**Directions**
In the copy, keep every word of the data below and none of its pictures.

**Data block**
___

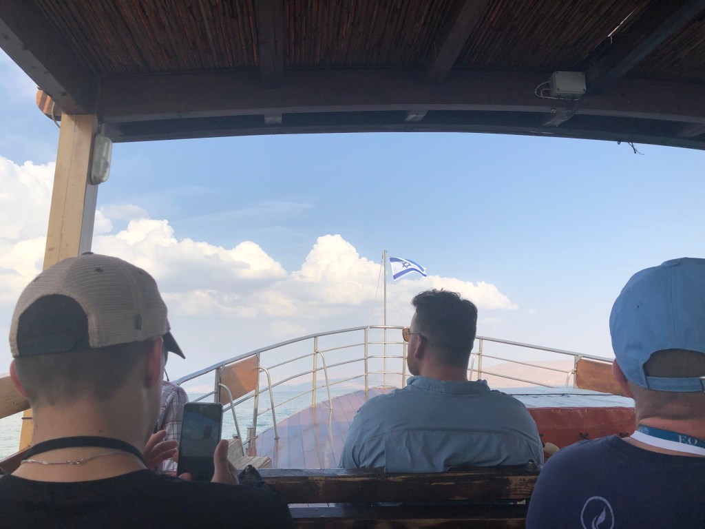 We all boarded a wooden boat, ready to depart across the Galilee. As we slowly made our way out, Mike pointed out the various places we had visited earlier in the day – Capernaum, Tabgha, the Primacy of Peter, Mount of Beatitudes, Magdala, and the Valley of the Doves. Seeing it all from the middle of the Galilee put everything into perspective.
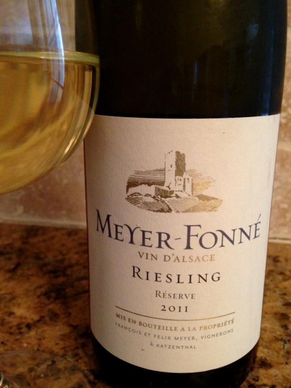 **Meyer-Fonné Riesling Reserve 2011 – I absolutely love and appreciate Alsatian Riesling for its aromatics and dry, not sweet, taste. This particular wine produced by Francois and Felix Meyer is 100% Riesling from vines planted in 1969 and 2006. Organic farming using no synthetic fertilizers, herbicides, or pesticides to treat the vines is implemented and grapes are hand harvested. Fermentation takes place in stainless steel tanks and oak barrels from one to three months. Two weeks after fermentation is completed, the wines are racked and remain on the lees until bottling. In the glass, the Meyer-Fonné Riesling was a beautiful lemon color with traces of gold. Fresh, clean aromas included notes of stone fruits such as peaches and apricots as well as white flowers. On the palate, this wine was dry with a level of acidity which was perfect with my dinner of baked whitefish with herbs and spices. Tastes of more stone fruit and a hint of biscuit led to a crisp, long and lush finish…just delicious! Cost is $22.
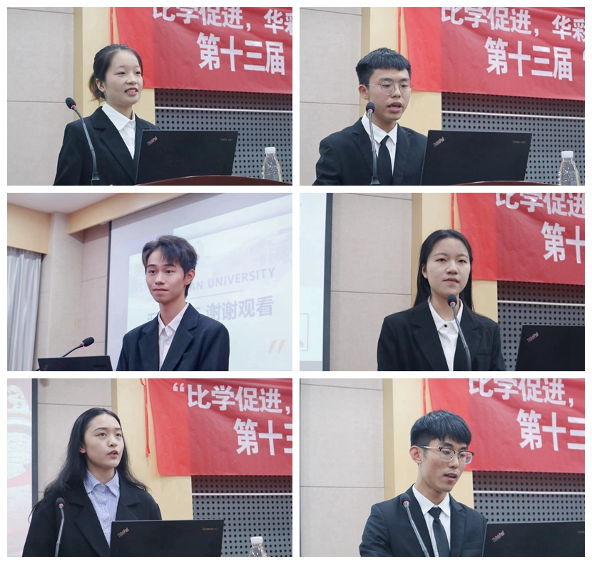 15位同学依次上台答辩,尽展风采。不断挑战自我的朱明月用自身经历努力诠释有理想有担当的应化人,甘于奉献的于杨露将爱的种子洒满逐梦的江南,敢做敢想的毛羽茜致力家乡发展、创造自身社会价值,踏理想之实的张诗茹在建设班级和服务同学中稳步提升,心怀理想的吴家驹抱着矢志不渝的钻研态度保持应化人的本心,尽职尽责的杨光新在勤恳工作中闪烁星光,初生牛犊李子洋心怀理想、为应化注入新鲜的“血液”,多才多艺的林伟向同学们证实兴趣与学习可以相辅相成,严谨负责的高持恒在学习生活中坚持创新、敢于创新,笃行致远的陈思雨凭借努力和实践在追梦道路上越行越远。

___

**Solution to this problem**
 We all boarded a wooden boat, ready to depart across the Galilee. As we slowly made our way out, Mike pointed out the various places we had visited earlier in the day – Capernaum, Tabgha, the Primacy of Peter, Mount of Beatitudes, Magdala, and the Valley of the Doves. Seeing it all from the middle of the Galilee put everything into perspective.
 **Meyer-Fonné Riesling Reserve 2011 – I absolutely love and appreciate Alsatian Riesling for its aromatics and dry, not sweet, taste. This particular wine produced by Francois and Felix Meyer is 100% Riesling from vines planted in 1969 and 2006. Organic farming using no synthetic fertilizers, herbicides, or pesticides to treat the vines is implemented and grapes are hand harvested. Fermentation takes place in stainless steel tanks and oak barrels from one to three months. Two weeks after fermentation is completed, the wines are racked and remain on the lees until bottling. In the glass, the Meyer-Fonné Riesling was a beautiful lemon color with traces of gold. Fresh, clean aromas included notes of stone fruits such as peaches and apricots as well as white flowers. On the palate, this wine was dry with a level of acidity which was perfect with my dinner of baked whitefish with herbs and spices. Tastes of more stone fruit and a hint of biscuit led to a crisp, long and lush finish…just delicious! Cost is $22.
 15位同学依次上台答辩,尽展风采。不断挑战自我的朱明月用自身经历努力诠释有理想有担当的应化人,甘于奉献的于杨露将爱的种子洒满逐梦的江南,敢做敢想的毛羽茜致力家乡发展、创造自身社会价值,踏理想之实的张诗茹在建设班级和服务同学中稳步提升,心怀理想的吴家驹抱着矢志不渝的钻研态度保持应化人的本心,尽职尽责的杨光新在勤恳工作中闪烁星光,初生牛犊李子洋心怀理想、为应化注入新鲜的“血液”,多才多艺的林伟向同学们证实兴趣与学习可以相辅相成,严谨负责的高持恒在学习生活中坚持创新、敢于创新,笃行致远的陈思雨凭借努力和实践在追梦道路上越行越远。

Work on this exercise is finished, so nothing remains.